(Dataset excerpts)

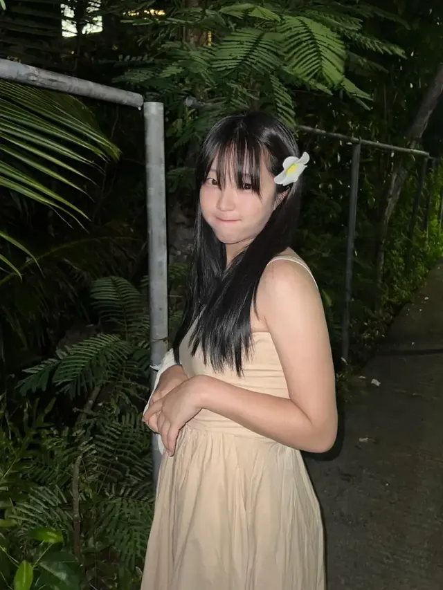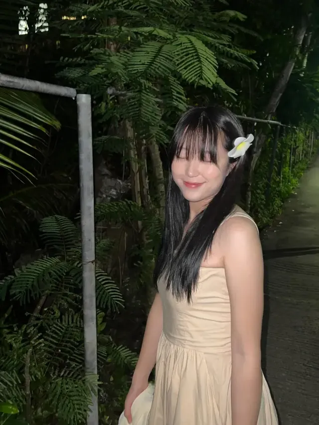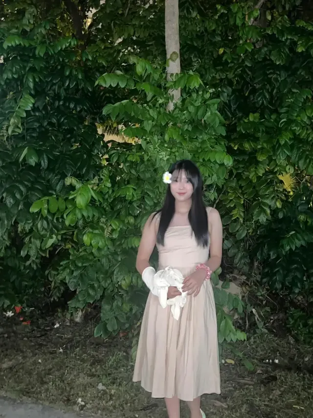컬러 밸런스 측면에서는 피부 톤과 자연스럽게 어우러지는 ‘샌드 베이지’를 메인으로 설정하여 시각적인 편안함과 확장감을 동시에 획득했다. 여기에 포인트 아이템으로 활용된 화이트 플라워 헤어 피스는 자칫 정적인 무드로 흐를 수 있는 코디에 휴양지의 여유로운 감성을 불어넣는 결정적인 역할을 한다. 왼쪽 귀 뒤편에 배치된 볼륨감 있는 꽃 장식은 시선을 상단으로 유도하여 얼굴 윤곽을 더욱 입체적으로 보이게 하며, 흑발의 긴 생머리와 대비를 이루어 청초한 이미지를 극대화한다. 손목에 착용된 핑크 톤의 체크 패턴 스크런치와 화이트 아우터를 가볍게 쥔 연출은 자칫 경직될 수 있는 포멀한 원피스 룩에 일상적인 친근함과 경쾌한 리듬감을 부여하는 영리한 스타일링 팁이다.
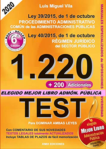 1220 Preguntas Tipo Test. Ley 39/2015 de Procedimiento Administrativo Común y Ley 40/2015 del Régimen Jurídico del Sector Público. 6ª Ed
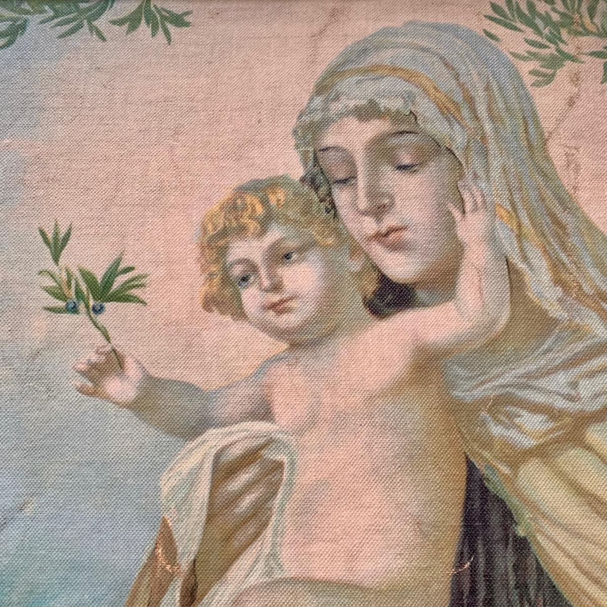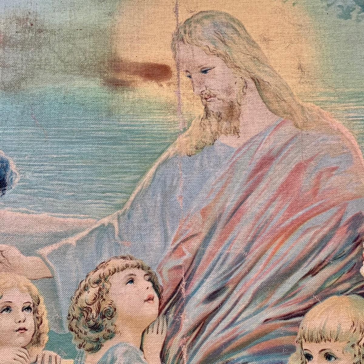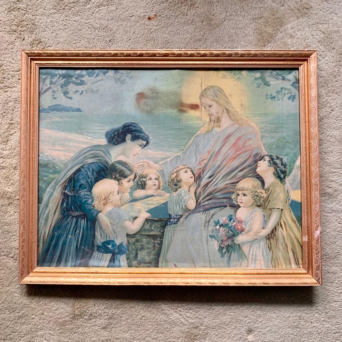 LOT 84 Z: Duo of Vintage Religious Canvas Lithographs in Gilded Frames
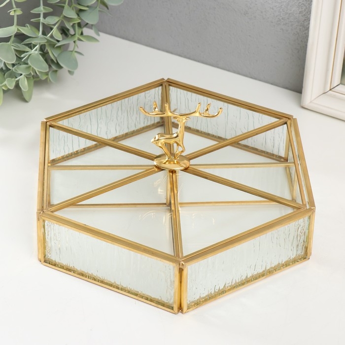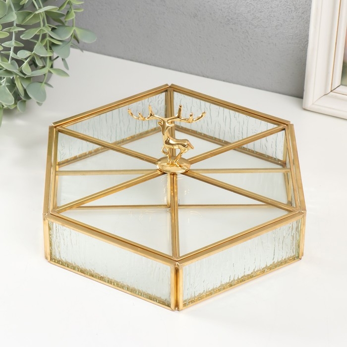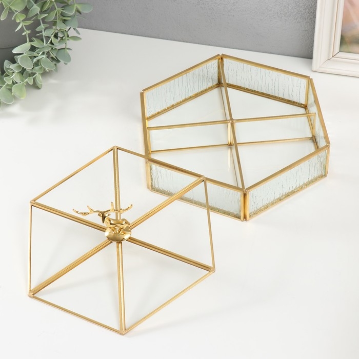 Шкатулка стекло с металлическим каркасом "Золотой олень" многогранник прозр 25х22х11,5 см
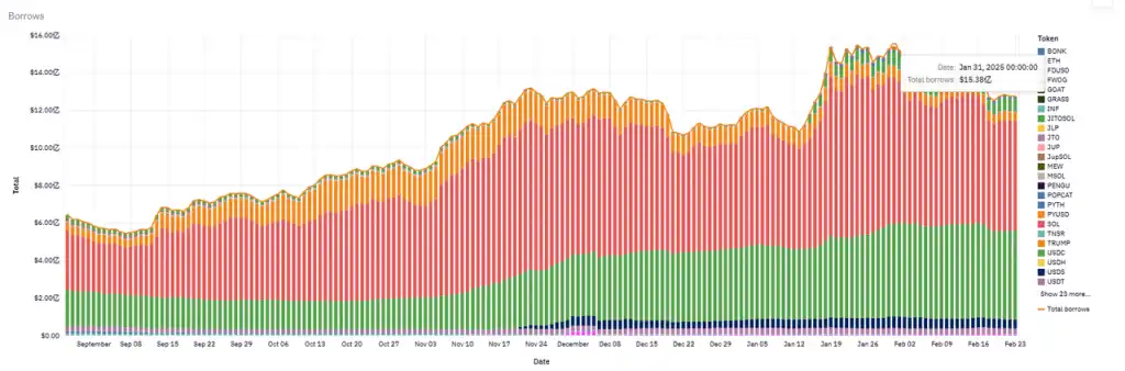 Morphp 的最高贷款总规模与 Aave 类似,出现在 1 月末,达到 23.5 亿美金,目前为 19 亿美金。
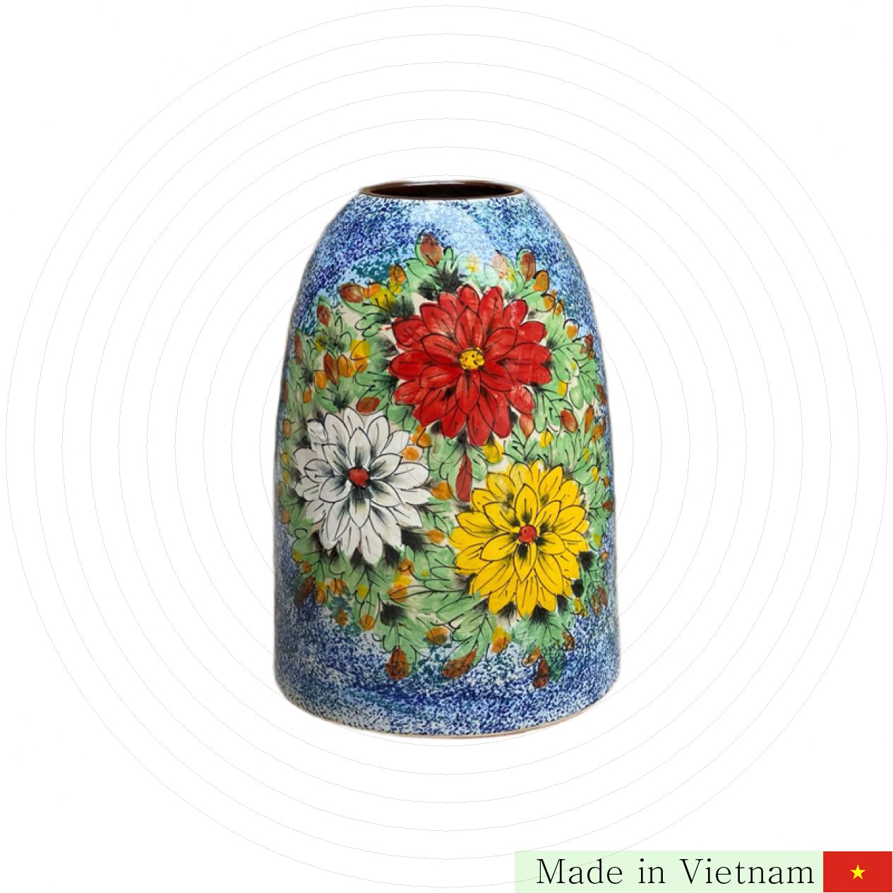 Bát Tràng의 전통 도예 장인이 수작업으로 그려내는 이 꽃병은 예술적 가치와 실용성을 동시에 갖췄습니다. 매끄러운 표면과 견고한 재질로 오랜 시간 사용해도 변형이 없습니다. 이 작품 하나로 집안 분위기를 한층 밝고 세련되게 연출할 수 있습니다.

▶ _Assignment_
From the first line to the last, write out the data exactly, dropping any pictures.

▶ _Final answer_
컬러 밸런스 측면에서는 피부 톤과 자연스럽게 어우러지는 ‘샌드 베이지’를 메인으로 설정하여 시각적인 편안함과 확장감을 동시에 획득했다. 여기에 포인트 아이템으로 활용된 화이트 플라워 헤어 피스는 자칫 정적인 무드로 흐를 수 있는 코디에 휴양지의 여유로운 감성을 불어넣는 결정적인 역할을 한다. 왼쪽 귀 뒤편에 배치된 볼륨감 있는 꽃 장식은 시선을 상단으로 유도하여 얼굴 윤곽을 더욱 입체적으로 보이게 하며, 흑발의 긴 생머리와 대비를 이루어 청초한 이미지를 극대화한다. 손목에 착용된 핑크 톤의 체크 패턴 스크런치와 화이트 아우터를 가볍게 쥔 연출은 자칫 경직될 수 있는 포멀한 원피스 룩에 일상적인 친근함과 경쾌한 리듬감을 부여하는 영리한 스타일링 팁이다.
 1220 Preguntas Tipo Test. Ley 39/2015 de Procedimiento Administrativo Común y Ley 40/2015 del Régimen Jurídico del Sector Público. 6ª Ed
 LOT 84 Z: Duo of Vintage Religious Canvas Lithographs in Gilded Frames
 Шкатулка стекло с металлическим каркасом "Золотой олень" многогранник прозр 25х22х11,5 см
 Morphp 的最高贷款总规模与 Aave 类似,出现在 1 月末,达到 23.5 亿美金,目前为 19 亿美金。
 Bát Tràng의 전통 도예 장인이 수작업으로 그려내는 이 꽃병은 예술적 가치와 실용성을 동시에 갖췄습니다. 매끄러운 표면과 견고한 재질로 오랜 시간 사용해도 변형이 없습니다. 이 작품 하나로 집안 분위기를 한층 밝고 세련되게 연출할 수 있습니다.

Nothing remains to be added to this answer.